The administration has been making some noises of its own about the possibility that they will have to come up with some sort of “Plan B” after diplomacy inevitably fails. But the Israelis already know that the American response to Iran’s refusal to negotiate seriously was to back down and offer them a weaker temporary deal in exchange for some sanctions relief. While Biden’s team claims this is now off the table after the Iranians blew off the talks, which were slated to resume with a sputter on Nov. 29, the Israelis are right to be skeptical of these assurances.
So it was significant that the Times article alluded to the very real possibility that both the Israelis and the American public may be in the dark about the administration’s actions.
If, as the Times reports, the Israelis fear that the United States is currently conducting secret back-channel diplomatic discussions with Iran that will lead to renewed public negotiations, whose outcome will be a pre-ordained surrender of Western interests, then they have good reason to think so.

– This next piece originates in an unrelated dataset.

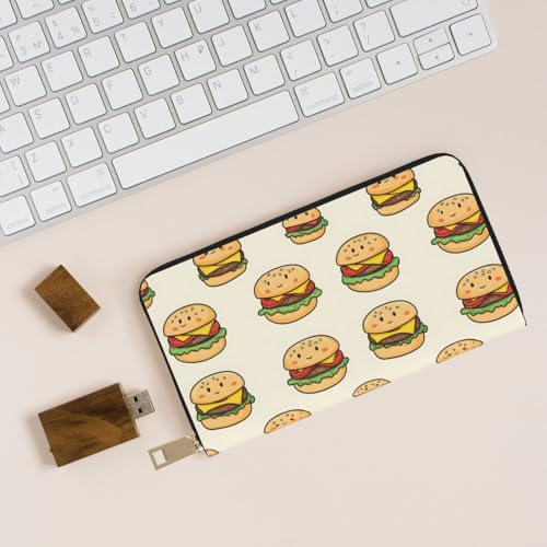 Leather Thin Slim Wallets for Women Men - Fashion Cute Cheeseburger Print Card Wallet Holder with Zipper 1

That’s what happened nine years ago when President Barack Obama was conducting his successful re-election campaign in 2012. During his foreign-policy debate with Republican presidential nominee Mitt Romney, Obama promised that any nuclear agreement with Iran would mean the end of Tehran’s nuclear program. But he was already planning on ignoring that pledge. Senior White House Advisor Valerie Jarrett was conducting backchannel talks with the Iranians and preparing the way for a deal that would contradict Obama’s avowals. By the time new talks had convened in 2013, the Western slide to surrender to Iranian demands was a fait accompli.

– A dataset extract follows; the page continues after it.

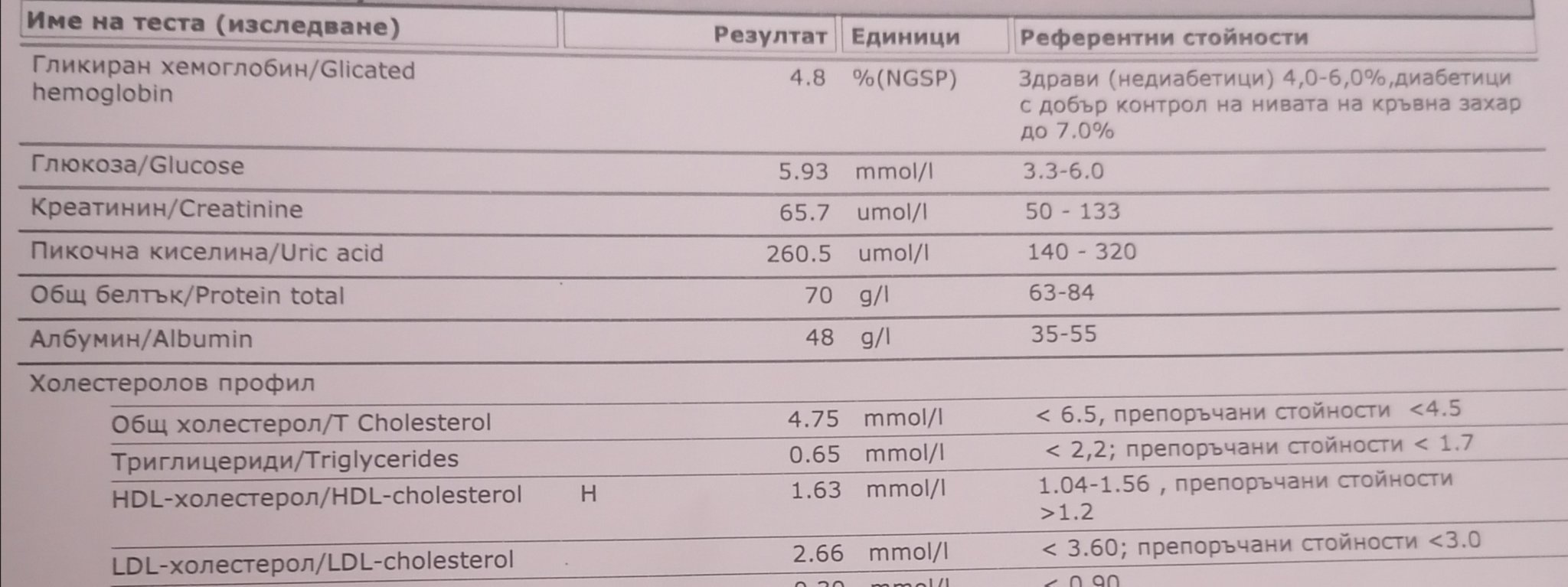Гликирания и мен ме изненадва, но все пак той дава яснота за време назад знам ли, пък аз може да съм в началото на проблема. А и аз от години избягвам въглехидрати защото не ми е ок от тях, задържам вода и се подувам,та знам ли може да е такъв затова. Иначе не съм на специална диета все още за да са такива резултатите, карам си на стария режим, ограничавам В, но не съм ги изключила напълно, а и тези дни и шоколад хапвах. Много се обърках вече и отчаях, личната отсече, че не е диабет и толко. А какво е един бог знае. Ето ги тези изследвания от преди месец още тук    става объркващо, ГХ изобщо не кореспондира с глюкозата на гладно.

While Jarrett is no longer on the federal payroll, most of the same cast of characters that were running foreign policy for Obama are doing the same for Biden. There’s every reason to believe that when their obsession for diplomacy for its own sake is stymied, their reaction will be to again double down on appeasement rather than honestly confront their mistakes and seek a different course.
The Israelis know their window for both attempts to influence Biden and/or to take action on their own may be closing. Once the United States and Iran are back in Vienna and moving towards concluding another nuclear pact that won’t actually stop Iran’s march to a nuclear weapon, it may be too late for the Israelis to act.
Just as troubling is the likelihood that the Americans aren’t taking Gantz’s threats seriously. They know how difficult a military campaign to take out Iran’s nuclear facilities would be even with the much greater forces that the United States can bring to bear on the problem than Israel. And, as the Israelis are finding out, American opposition to Israeli action can be made clear in ways other than diplomatic exchanges. As the Times later reported, the Americans are stalling on delivering new refueling tanker planes that will be needed if Israel is to attack Iran. That won’t impact events in the short term. But it is, at the very least, a symbolic gesture intended to warn the Jewish state to defer to Washington, even if it means sacrificing their defense interests.
At this stage, no one on either side of the alliance knows what the next move on Iran will be. But, if Israel’s all-too-realistic fears about an American secret betrayal prove justified, future protests about Biden’s policies may be a waste of time.